Exercise goal> Return every line below exactly, leaving nothing out.

Given data: Begin

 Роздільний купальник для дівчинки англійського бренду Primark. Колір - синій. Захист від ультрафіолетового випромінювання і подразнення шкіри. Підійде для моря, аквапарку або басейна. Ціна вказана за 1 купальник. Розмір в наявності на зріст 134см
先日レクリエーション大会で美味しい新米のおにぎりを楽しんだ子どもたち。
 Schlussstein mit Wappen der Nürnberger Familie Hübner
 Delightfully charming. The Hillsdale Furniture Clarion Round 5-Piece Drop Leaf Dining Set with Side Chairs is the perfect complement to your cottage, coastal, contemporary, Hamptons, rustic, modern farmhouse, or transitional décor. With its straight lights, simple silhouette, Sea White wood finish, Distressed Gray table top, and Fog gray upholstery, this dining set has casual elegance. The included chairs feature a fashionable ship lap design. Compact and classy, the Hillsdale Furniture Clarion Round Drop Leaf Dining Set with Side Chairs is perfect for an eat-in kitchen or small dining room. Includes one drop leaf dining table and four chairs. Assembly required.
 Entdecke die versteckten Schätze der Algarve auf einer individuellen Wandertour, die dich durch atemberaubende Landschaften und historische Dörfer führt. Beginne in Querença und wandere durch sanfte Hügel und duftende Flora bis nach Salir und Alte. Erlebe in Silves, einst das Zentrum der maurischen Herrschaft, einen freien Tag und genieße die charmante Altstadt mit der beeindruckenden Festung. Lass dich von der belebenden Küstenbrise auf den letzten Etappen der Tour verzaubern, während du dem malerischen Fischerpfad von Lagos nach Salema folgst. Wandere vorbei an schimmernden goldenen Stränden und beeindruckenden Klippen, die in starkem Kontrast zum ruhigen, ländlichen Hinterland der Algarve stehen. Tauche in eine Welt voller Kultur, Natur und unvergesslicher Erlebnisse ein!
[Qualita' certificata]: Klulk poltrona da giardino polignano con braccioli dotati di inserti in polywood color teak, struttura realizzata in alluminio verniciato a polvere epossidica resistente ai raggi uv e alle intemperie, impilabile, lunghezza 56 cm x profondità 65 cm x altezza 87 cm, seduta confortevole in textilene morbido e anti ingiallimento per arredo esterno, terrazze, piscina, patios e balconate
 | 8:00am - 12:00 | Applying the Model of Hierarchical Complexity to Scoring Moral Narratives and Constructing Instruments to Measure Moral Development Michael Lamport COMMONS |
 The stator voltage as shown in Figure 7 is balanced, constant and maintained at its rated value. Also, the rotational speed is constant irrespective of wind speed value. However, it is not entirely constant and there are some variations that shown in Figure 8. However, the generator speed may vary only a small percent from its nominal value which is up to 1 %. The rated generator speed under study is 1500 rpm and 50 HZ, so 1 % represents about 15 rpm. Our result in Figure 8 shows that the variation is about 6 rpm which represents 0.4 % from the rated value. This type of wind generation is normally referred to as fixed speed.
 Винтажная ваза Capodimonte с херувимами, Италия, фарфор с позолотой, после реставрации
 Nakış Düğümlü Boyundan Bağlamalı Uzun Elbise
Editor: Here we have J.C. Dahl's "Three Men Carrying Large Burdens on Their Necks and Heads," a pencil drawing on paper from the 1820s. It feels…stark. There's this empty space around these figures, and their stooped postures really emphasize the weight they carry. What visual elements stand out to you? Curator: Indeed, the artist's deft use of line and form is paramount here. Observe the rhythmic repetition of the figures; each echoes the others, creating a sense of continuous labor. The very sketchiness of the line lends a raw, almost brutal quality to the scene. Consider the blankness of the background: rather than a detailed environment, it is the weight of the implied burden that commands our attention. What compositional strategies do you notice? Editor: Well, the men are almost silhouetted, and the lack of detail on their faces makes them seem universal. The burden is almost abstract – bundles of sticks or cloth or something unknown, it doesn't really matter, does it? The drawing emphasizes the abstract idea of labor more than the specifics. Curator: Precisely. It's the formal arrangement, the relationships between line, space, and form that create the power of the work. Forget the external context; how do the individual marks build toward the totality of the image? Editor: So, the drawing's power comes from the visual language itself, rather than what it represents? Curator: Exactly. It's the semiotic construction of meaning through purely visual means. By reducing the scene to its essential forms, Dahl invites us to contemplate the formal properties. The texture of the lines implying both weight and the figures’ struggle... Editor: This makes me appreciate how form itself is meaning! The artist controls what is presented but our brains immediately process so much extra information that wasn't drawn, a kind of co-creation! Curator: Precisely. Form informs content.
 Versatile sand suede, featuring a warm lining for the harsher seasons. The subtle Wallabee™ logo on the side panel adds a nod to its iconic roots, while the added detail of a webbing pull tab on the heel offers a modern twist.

Given data: End

Task solution>
 Роздільний купальник для дівчинки англійського бренду Primark. Колір - синій. Захист від ультрафіолетового випромінювання і подразнення шкіри. Підійде для моря, аквапарку або басейна. Ціна вказана за 1 купальник. Розмір в наявності на зріст 134см
先日レクリエーション大会で美味しい新米のおにぎりを楽しんだ子どもたち。
 Schlussstein mit Wappen der Nürnberger Familie Hübner
 Delightfully charming. The Hillsdale Furniture Clarion Round 5-Piece Drop Leaf Dining Set with Side Chairs is the perfect complement to your cottage, coastal, contemporary, Hamptons, rustic, modern farmhouse, or transitional décor. With its straight lights, simple silhouette, Sea White wood finish, Distressed Gray table top, and Fog gray upholstery, this dining set has casual elegance. The included chairs feature a fashionable ship lap design. Compact and classy, the Hillsdale Furniture Clarion Round Drop Leaf Dining Set with Side Chairs is perfect for an eat-in kitchen or small dining room. Includes one drop leaf dining table and four chairs. Assembly required.
 Entdecke die versteckten Schätze der Algarve auf einer individuellen Wandertour, die dich durch atemberaubende Landschaften und historische Dörfer führt. Beginne in Querença und wandere durch sanfte Hügel und duftende Flora bis nach Salir und Alte. Erlebe in Silves, einst das Zentrum der maurischen Herrschaft, einen freien Tag und genieße die charmante Altstadt mit der beeindruckenden Festung. Lass dich von der belebenden Küstenbrise auf den letzten Etappen der Tour verzaubern, während du dem malerischen Fischerpfad von Lagos nach Salema folgst. Wandere vorbei an schimmernden goldenen Stränden und beeindruckenden Klippen, die in starkem Kontrast zum ruhigen, ländlichen Hinterland der Algarve stehen. Tauche in eine Welt voller Kultur, Natur und unvergesslicher Erlebnisse ein!
[Qualita' certificata]: Klulk poltrona da giardino polignano con braccioli dotati di inserti in polywood color teak, struttura realizzata in alluminio verniciato a polvere epossidica resistente ai raggi uv e alle intemperie, impilabile, lunghezza 56 cm x profondità 65 cm x altezza 87 cm, seduta confortevole in textilene morbido e anti ingiallimento per arredo esterno, terrazze, piscina, patios e balconate
 | 8:00am - 12:00 | Applying the Model of Hierarchical Complexity to Scoring Moral Narratives and Constructing Instruments to Measure Moral Development Michael Lamport COMMONS |
 The stator voltage as shown in Figure 7 is balanced, constant and maintained at its rated value. Also, the rotational speed is constant irrespective of wind speed value. However, it is not entirely constant and there are some variations that shown in Figure 8. However, the generator speed may vary only a small percent from its nominal value which is up to 1 %. The rated generator speed under study is 1500 rpm and 50 HZ, so 1 % represents about 15 rpm. Our result in Figure 8 shows that the variation is about 6 rpm which represents 0.4 % from the rated value. This type of wind generation is normally referred to as fixed speed.
 Винтажная ваза Capodimonte с херувимами, Италия, фарфор с позолотой, после реставрации
 Nakış Düğümlü Boyundan Bağlamalı Uzun Elbise
Editor: Here we have J.C. Dahl's "Three Men Carrying Large Burdens on Their Necks and Heads," a pencil drawing on paper from the 1820s. It feels…stark. There's this empty space around these figures, and their stooped postures really emphasize the weight they carry. What visual elements stand out to you? Curator: Indeed, the artist's deft use of line and form is paramount here. Observe the rhythmic repetition of the figures; each echoes the others, creating a sense of continuous labor. The very sketchiness of the line lends a raw, almost brutal quality to the scene. Consider the blankness of the background: rather than a detailed environment, it is the weight of the implied burden that commands our attention. What compositional strategies do you notice? Editor: Well, the men are almost silhouetted, and the lack of detail on their faces makes them seem universal. The burden is almost abstract – bundles of sticks or cloth or something unknown, it doesn't really matter, does it? The drawing emphasizes the abstract idea of labor more than the specifics. Curator: Precisely. It's the formal arrangement, the relationships between line, space, and form that create the power of the work. Forget the external context; how do the individual marks build toward the totality of the image? Editor: So, the drawing's power comes from the visual language itself, rather than what it represents? Curator: Exactly. It's the semiotic construction of meaning through purely visual means. By reducing the scene to its essential forms, Dahl invites us to contemplate the formal properties. The texture of the lines implying both weight and the figures’ struggle... Editor: This makes me appreciate how form itself is meaning! The artist controls what is presented but our brains immediately process so much extra information that wasn't drawn, a kind of co-creation! Curator: Precisely. Form informs content.
 Versatile sand suede, featuring a warm lining for the harsher seasons. The subtle Wallabee™ logo on the side panel adds a nod to its iconic roots, while the added detail of a webbing pull tab on the heel offers a modern twist.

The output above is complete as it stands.